Activity ▸
In your copy of the data, omit the pictures and keep all else exactly as given.

Information provided ▸
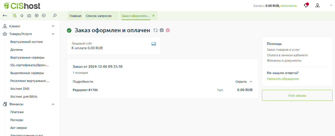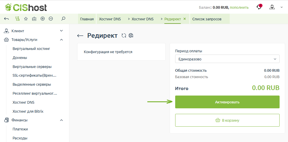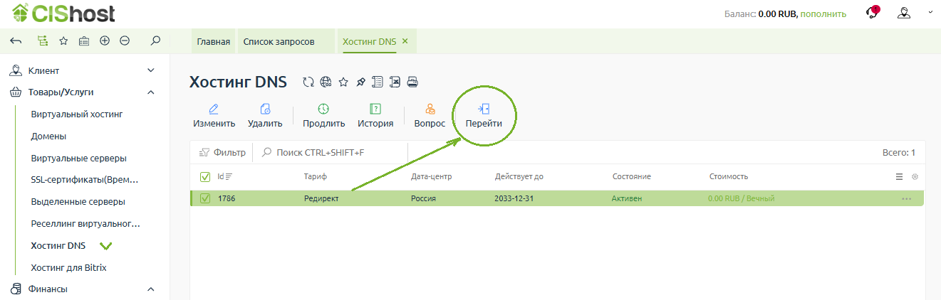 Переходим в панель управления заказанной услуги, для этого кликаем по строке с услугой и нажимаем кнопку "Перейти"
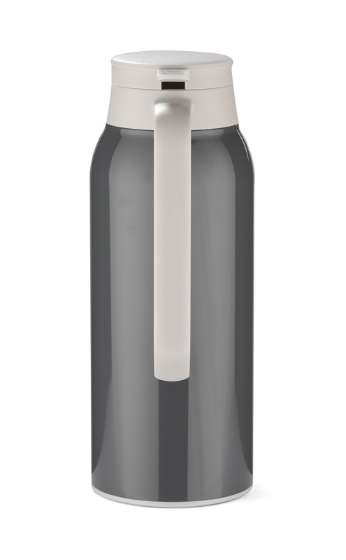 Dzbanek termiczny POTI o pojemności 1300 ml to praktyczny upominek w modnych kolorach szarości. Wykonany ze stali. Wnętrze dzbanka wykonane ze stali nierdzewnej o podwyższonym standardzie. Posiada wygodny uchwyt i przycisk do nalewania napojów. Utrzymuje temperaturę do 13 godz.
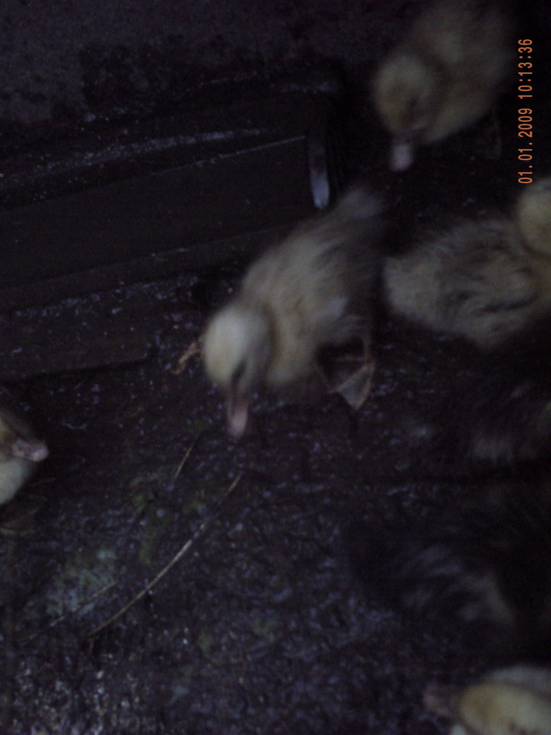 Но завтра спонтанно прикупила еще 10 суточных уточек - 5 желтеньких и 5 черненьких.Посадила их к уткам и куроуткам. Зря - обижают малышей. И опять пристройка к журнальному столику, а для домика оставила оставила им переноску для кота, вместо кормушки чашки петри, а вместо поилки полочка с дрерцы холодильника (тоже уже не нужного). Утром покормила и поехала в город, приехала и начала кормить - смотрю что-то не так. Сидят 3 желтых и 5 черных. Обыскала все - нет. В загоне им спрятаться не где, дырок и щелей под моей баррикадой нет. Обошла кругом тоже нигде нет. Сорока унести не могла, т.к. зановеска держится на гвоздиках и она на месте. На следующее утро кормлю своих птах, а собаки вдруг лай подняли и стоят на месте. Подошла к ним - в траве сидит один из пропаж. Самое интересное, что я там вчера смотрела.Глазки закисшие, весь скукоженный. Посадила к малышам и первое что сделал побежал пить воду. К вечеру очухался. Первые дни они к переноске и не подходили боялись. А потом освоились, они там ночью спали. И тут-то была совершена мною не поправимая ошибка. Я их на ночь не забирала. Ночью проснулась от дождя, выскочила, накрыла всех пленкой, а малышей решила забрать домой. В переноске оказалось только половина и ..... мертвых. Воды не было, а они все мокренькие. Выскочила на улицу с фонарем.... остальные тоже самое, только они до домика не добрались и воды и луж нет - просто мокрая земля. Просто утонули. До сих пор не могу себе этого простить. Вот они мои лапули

Exercise result ▸
 Переходим в панель управления заказанной услуги, для этого кликаем по строке с услугой и нажимаем кнопку "Перейти"
 Dzbanek termiczny POTI o pojemności 1300 ml to praktyczny upominek w modnych kolorach szarości. Wykonany ze stali. Wnętrze dzbanka wykonane ze stali nierdzewnej o podwyższonym standardzie. Posiada wygodny uchwyt i przycisk do nalewania napojów. Utrzymuje temperaturę do 13 godz.
 Но завтра спонтанно прикупила еще 10 суточных уточек - 5 желтеньких и 5 черненьких.Посадила их к уткам и куроуткам. Зря - обижают малышей. И опять пристройка к журнальному столику, а для домика оставила оставила им переноску для кота, вместо кормушки чашки петри, а вместо поилки полочка с дрерцы холодильника (тоже уже не нужного). Утром покормила и поехала в город, приехала и начала кормить - смотрю что-то не так. Сидят 3 желтых и 5 черных. Обыскала все - нет. В загоне им спрятаться не где, дырок и щелей под моей баррикадой нет. Обошла кругом тоже нигде нет. Сорока унести не могла, т.к. зановеска держится на гвоздиках и она на месте. На следующее утро кормлю своих птах, а собаки вдруг лай подняли и стоят на месте. Подошла к ним - в траве сидит один из пропаж. Самое интересное, что я там вчера смотрела.Глазки закисшие, весь скукоженный. Посадила к малышам и первое что сделал побежал пить воду. К вечеру очухался. Первые дни они к переноске и не подходили боялись. А потом освоились, они там ночью спали. И тут-то была совершена мною не поправимая ошибка. Я их на ночь не забирала. Ночью проснулась от дождя, выскочила, накрыла всех пленкой, а малышей решила забрать домой. В переноске оказалось только половина и ..... мертвых. Воды не было, а они все мокренькие. Выскочила на улицу с фонарем.... остальные тоже самое, только они до домика не добрались и воды и луж нет - просто мокрая земля. Просто утонули. До сих пор не могу себе этого простить. Вот они мои лапули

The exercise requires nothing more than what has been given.